** Opening Given information block **

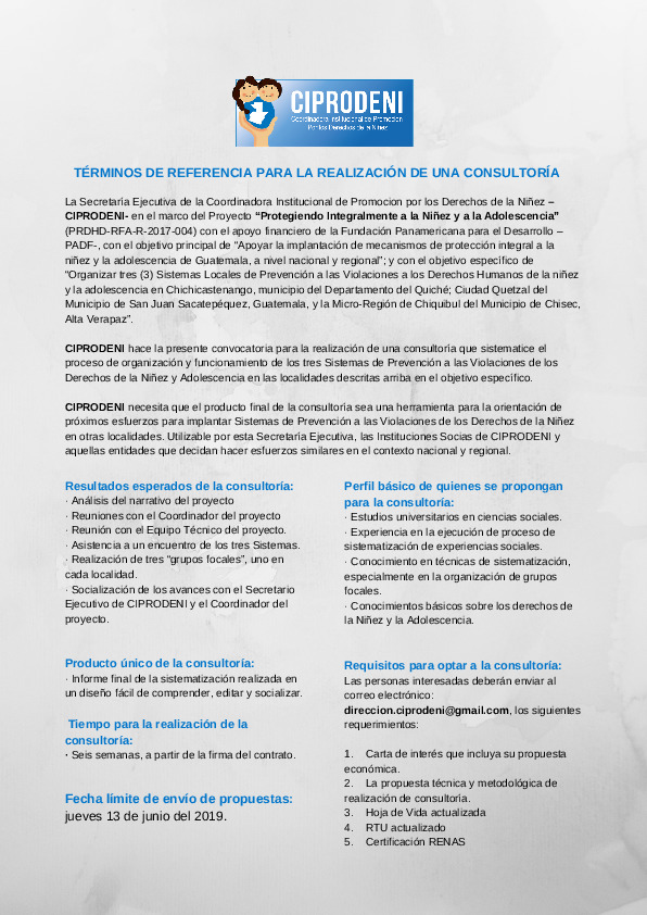 TDR-Consultoría “Estudio sobre las posibilidades de reformar la Ley de Protección Integral de la Niñez y Adolescencia para definir el ente rector y crear el Sistema de Protección Integral de la Niñez y la Adolescencia”.
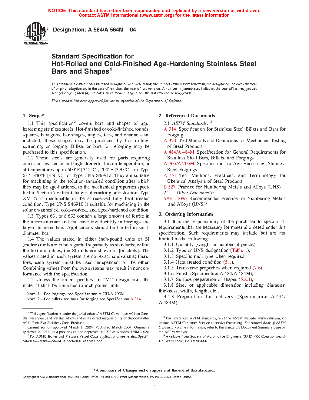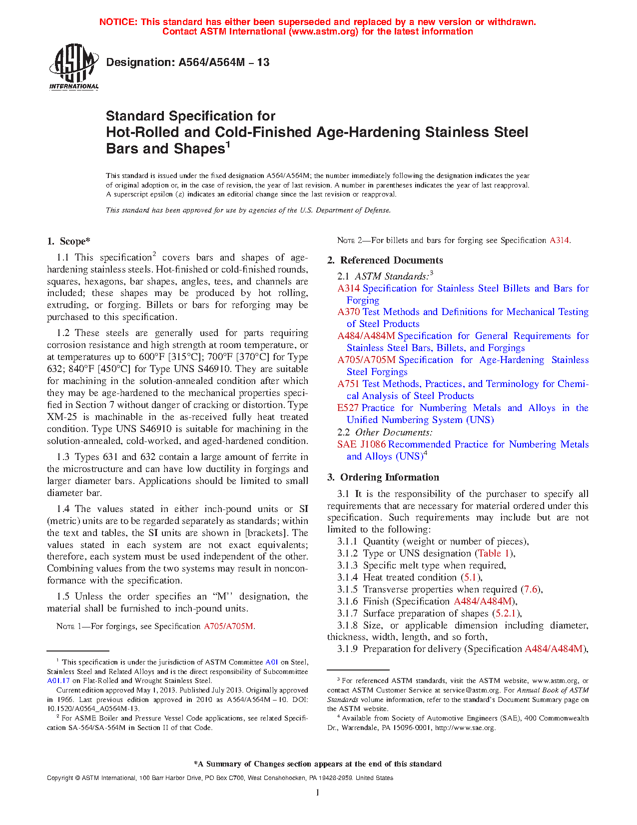 1.1 This specification2 covers bars and shapes of age-hardening stainless steels. Hot-finished or cold-finished rounds, squares, hexagons, bar shapes, angles, tees, and channels are included; these shapes may be produced by hot rolling, extruding, or forging. Billets or bars for reforging may be purchased to this specification.
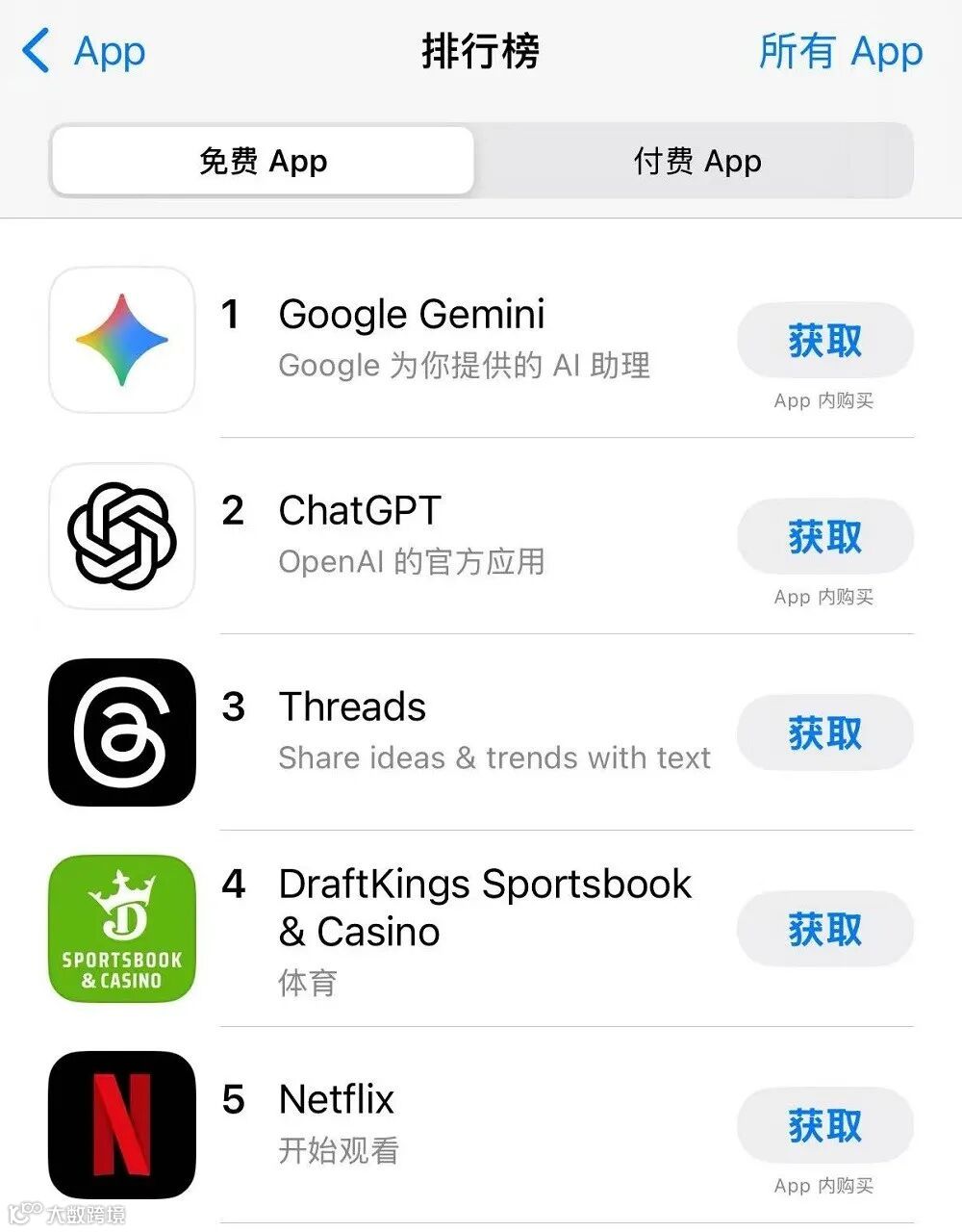 智东西9月15日报道,谷歌DeepMind的AI应用Gemini凭借图像编辑模型“Nano Banana”的病毒式传播,近日登顶美区苹果App Store免费应用榜,超越ChatGPT,成为当地最受欢迎的应用之一。
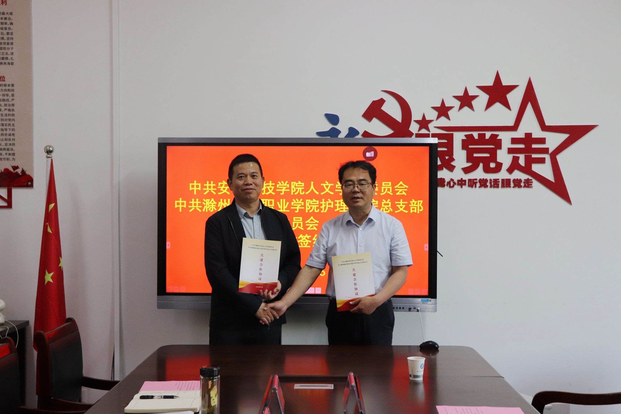 4月25日下午,人文学院党委书记、院长李晓东一行4人赴滁州城市职业学院护理学院,参加党建共建合作签约授牌仪式。仪式由滁州城市职业学院护理学院教工党支部书记、副院长李勋华主持,双方围绕党建共建目标推进合作事宜。

** Closing Given information block **

= How to complete this task =
Any picture in the material is to be left out, and everything else is to be retyped as is.

= Solution to this task =
 TDR-Consultoría “Estudio sobre las posibilidades de reformar la Ley de Protección Integral de la Niñez y Adolescencia para definir el ente rector y crear el Sistema de Protección Integral de la Niñez y la Adolescencia”.
 1.1 This specification2 covers bars and shapes of age-hardening stainless steels. Hot-finished or cold-finished rounds, squares, hexagons, bar shapes, angles, tees, and channels are included; these shapes may be produced by hot rolling, extruding, or forging. Billets or bars for reforging may be purchased to this specification.
 智东西9月15日报道,谷歌DeepMind的AI应用Gemini凭借图像编辑模型“Nano Banana”的病毒式传播,近日登顶美区苹果App Store免费应用榜,超越ChatGPT,成为当地最受欢迎的应用之一。
 4月25日下午,人文学院党委书记、院长李晓东一行4人赴滁州城市职业学院护理学院,参加党建共建合作签约授牌仪式。仪式由滁州城市职业学院护理学院教工党支部书记、副院长李勋华主持,双方围绕党建共建目标推进合作事宜。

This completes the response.